# Stored items from a collection:
*** Block opens ***
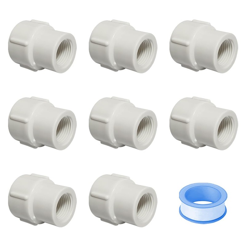 - 😊Package contains: 8pcs white PVC female x female threads coupling of different sizes and 1pc 3meters sealing tape to meet your replacement needs
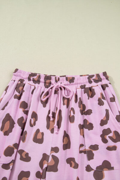 Pink Drawstring Leopard Print Patch Pocket Loose Pants
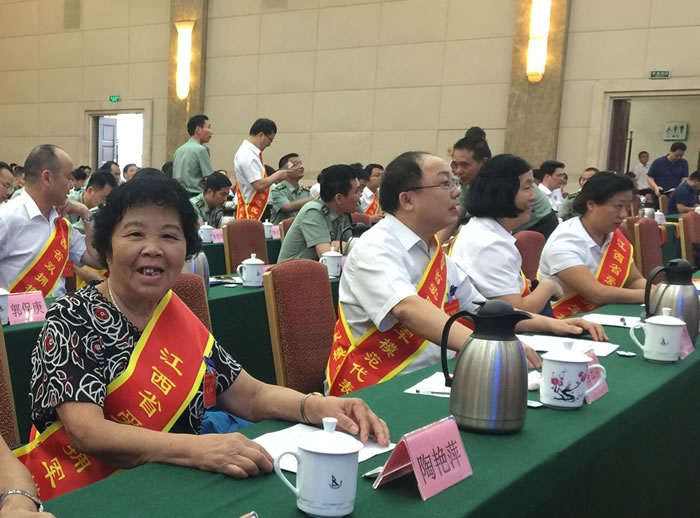圖為陶艷萍在江西省雙擁模范城(縣)命名表彰大會(huì)現(xiàn)場。
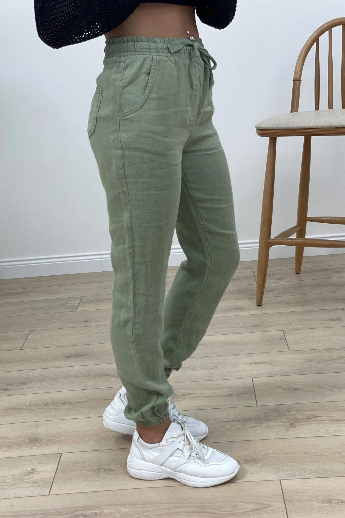 BEL VE BİLEK LASTİKLİ CEPLİ KETEN PANTOLON – AÇIK HAKİ
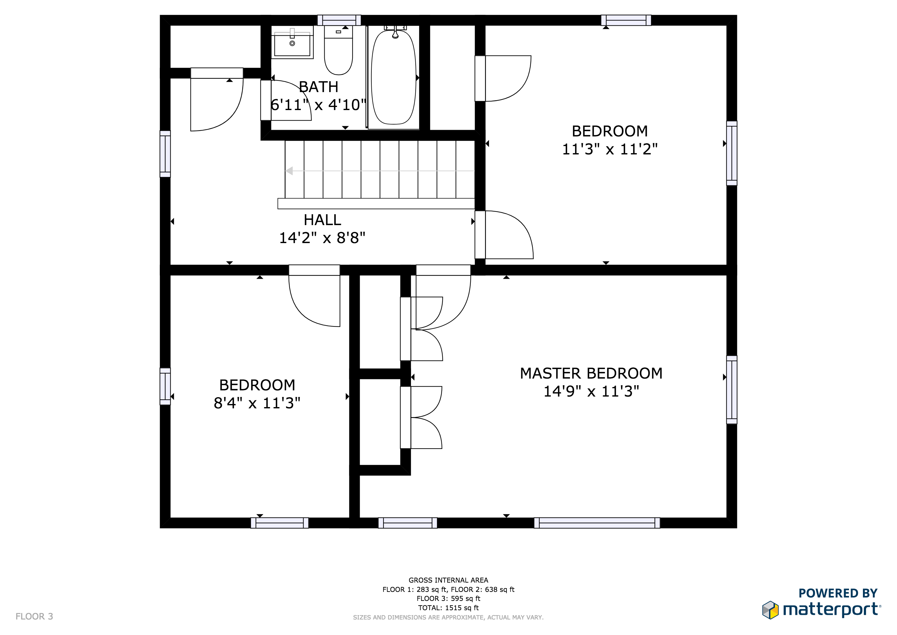 3 bedrooms/2 full baths.
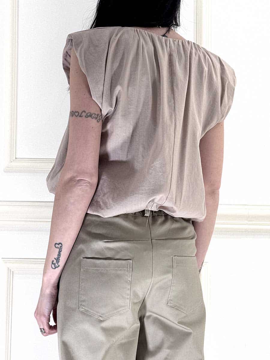 blusa in viscosa modello a palloncino, scollo a v , giromanica, elastico in fondo , capo femminile e versatile colore beige perfetta per completare con stile i vostri look casual ed eleganti.
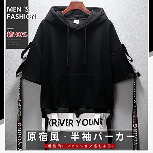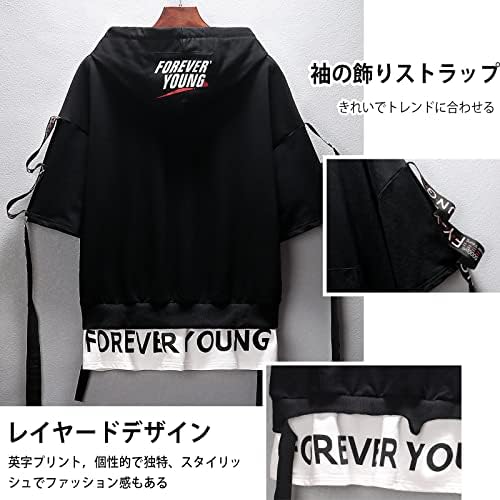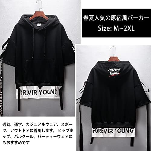 Sukinana パーカー 半袖 メンズ 夏服 大きいサイズ tシャツ フード付き インナー ヒップホップ プルオーバー 原宿風 韓国 スウェット 春夏
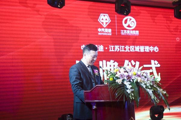中汽美途总经理陈可攀先生向中汽美途江苏江北区域管理中心总经理刘汉先生授牌
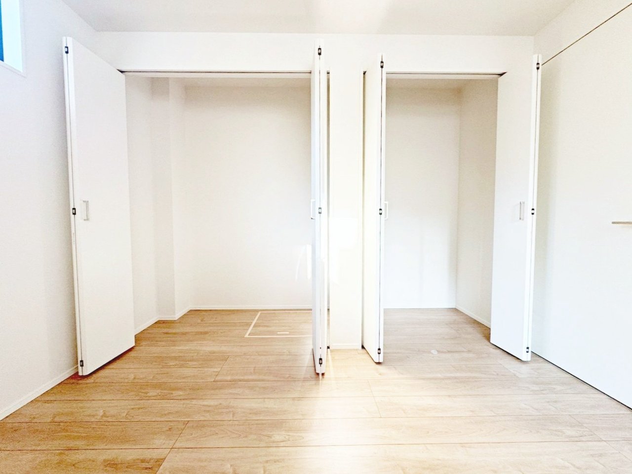 <1号棟> こちらは6.1帖の洋室。 ダブルベッドを配置しても余裕のある広さ! 収納スペースが2つあり、お部屋の有効スペースを損なうことなく綺麗に片付きます♪ ■0120-1919-80■
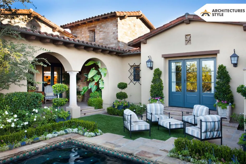 Spanish architecture includes half arched shape, flat tiled roof, and exposed wooden beams.
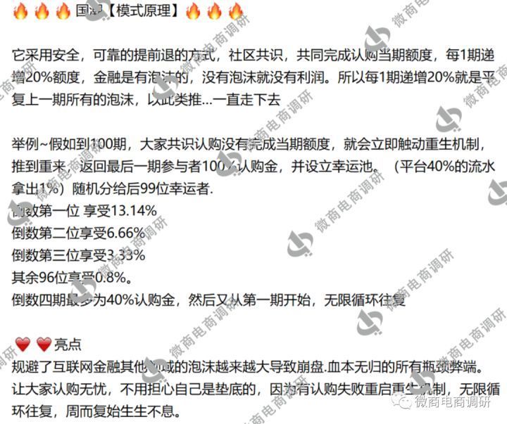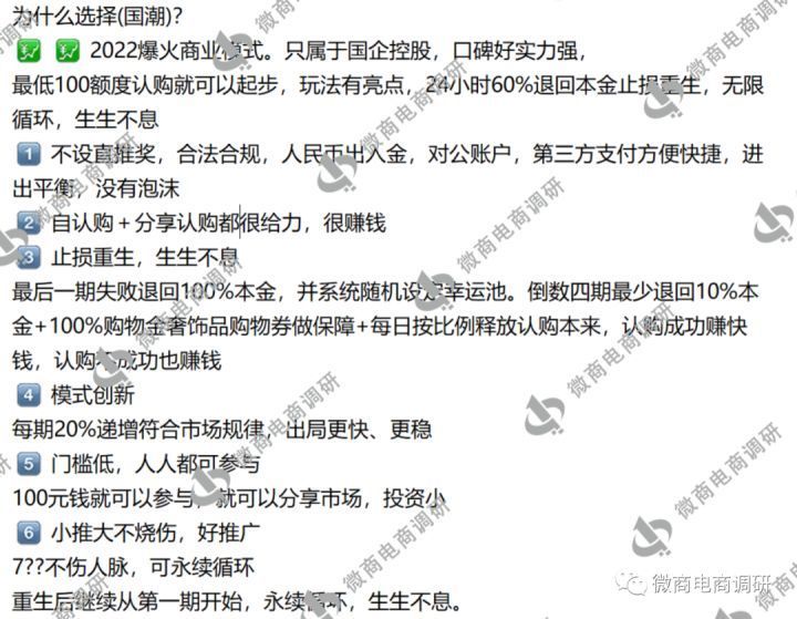 近几年,个别企业为了追求更好的招商效果,打着助农,央企,国企还有民族品牌等噱头,过度营销,夸大宣传。国潮商城以消费增值积分返利吸引消费者加入,实际上是存在很高的风险。有业内人士也曾指出:“某些返利盘一天返多少,一个星期返多少,违背金钱的流通性规律,当进场量不够支撑提现出口量的时候,资金链就会断裂,崩盘。”至于以“助力乡村振兴,国货崛起”的国潮商城会如何发展?商城产品与其他平台的产品价格差距巨大,是否对消费者来说是一种欺骗呢?对此,微商电商调研将继续保持关注。
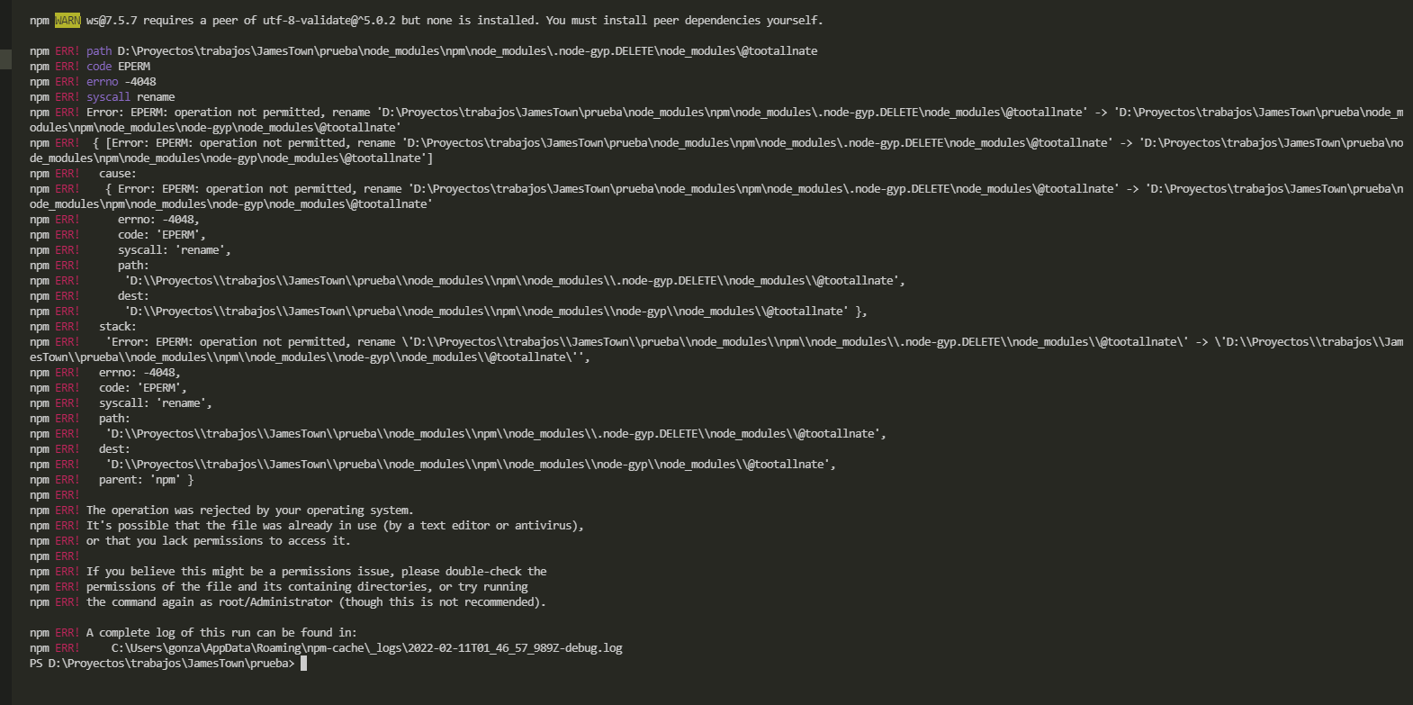 这个错误发生在我想要做npm安装和它被取消的过程中,应该注意,这是以前没有发生的。
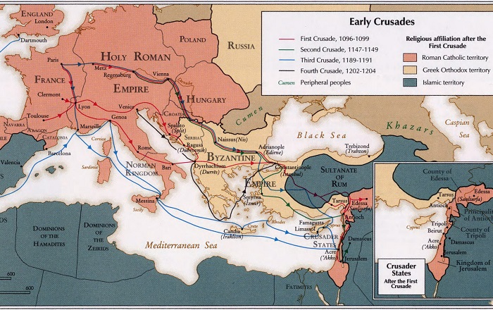 [6] Whalen, The Medieval Papacy, σελ. 103-105, Runciman, A History of the Crusades, τ.1, σελ. 84-92, Tyerman, C., Fighting for Christendom: Holy War and the Crusades, Oxford University Press, 2004, σελ. 95-124, Γιανναράς, Χ., Η Ευρώπη γεννήθηκε από το Σχίσμα, Ίκαρος, Αθήνα 2015, σελ. 114-116.
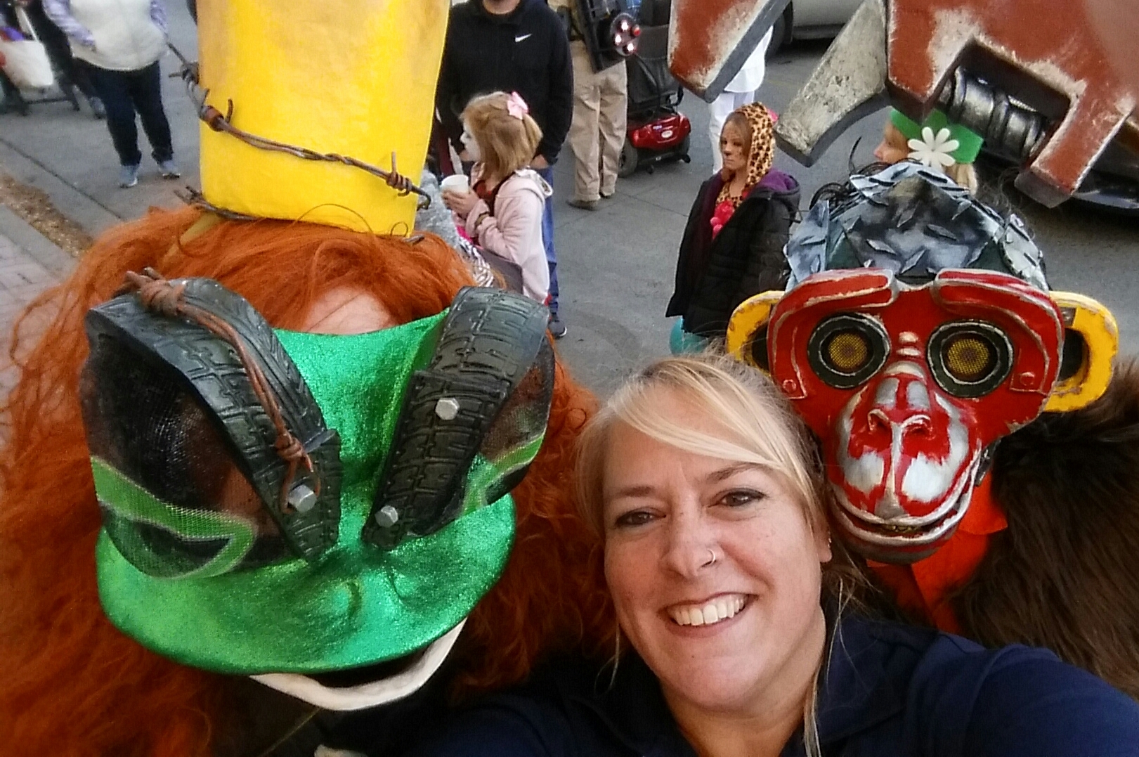 The green part was covered with several coats of a green glitter craft paint, which was pretty easy. The throat took more attention, because the white parts had to be dirtied and chipped with lots of steel showing through, but it's a process that is familiar to me now after making the Grease Monkey mask!
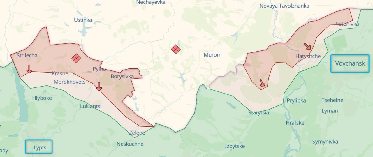 Телеграм-канал указывает два направления российского наступления. Первое - на Липцы. В этом районе войска РФ закрепляются в селах Мороховец, Олейниково, Лукьянцы и Зеленое.
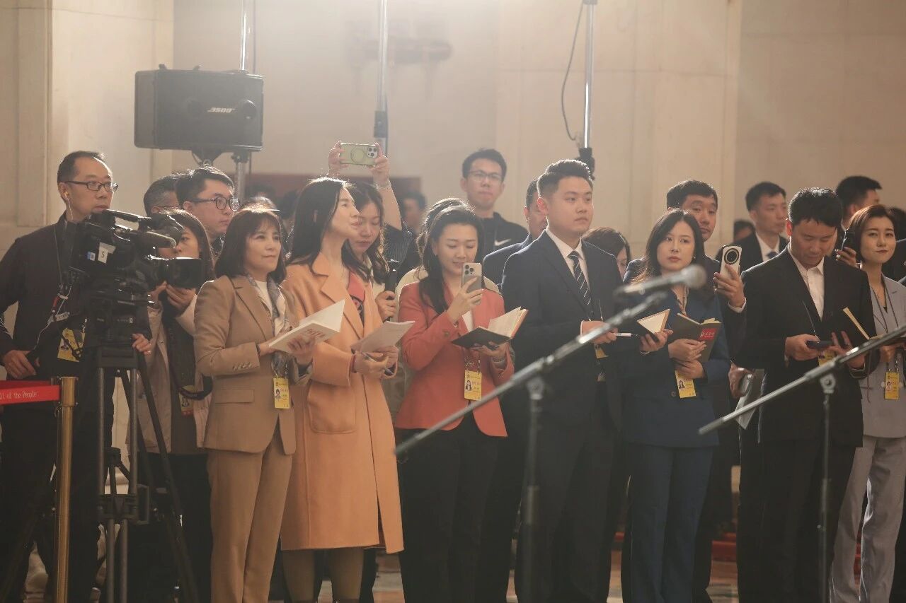 全国政协十四届四次会议第二场“委员通道”集体采访活动在北京人民大会堂举行 本刊记者 郑茂典/摄
*** Block closes ***
What is needed is an exact copy of the lines above, from the one holding "近几年,个别企业为了追求更好" down to the one holding "[6] Whalen, The", with those two included and the pictures left out.

# SOLVED EXERCISE:
 近几年,个别企业为了追求更好的招商效果,打着助农,央企,国企还有民族品牌等噱头,过度营销,夸大宣传。国潮商城以消费增值积分返利吸引消费者加入,实际上是存在很高的风险。有业内人士也曾指出:“某些返利盘一天返多少,一个星期返多少,违背金钱的流通性规律,当进场量不够支撑提现出口量的时候,资金链就会断裂,崩盘。”至于以“助力乡村振兴,国货崛起”的国潮商城会如何发展?商城产品与其他平台的产品价格差距巨大,是否对消费者来说是一种欺骗呢?对此,微商电商调研将继续保持关注。
 这个错误发生在我想要做npm安装和它被取消的过程中,应该注意,这是以前没有发生的。
 [6] Whalen, The Medieval Papacy, σελ. 103-105, Runciman, A History of the Crusades, τ.1, σελ. 84-92, Tyerman, C., Fighting for Christendom: Holy War and the Crusades, Oxford University Press, 2004, σελ. 95-124, Γιανναράς, Χ., Η Ευρώπη γεννήθηκε από το Σχίσμα, Ίκαρος, Αθήνα 2015, σελ. 114-116.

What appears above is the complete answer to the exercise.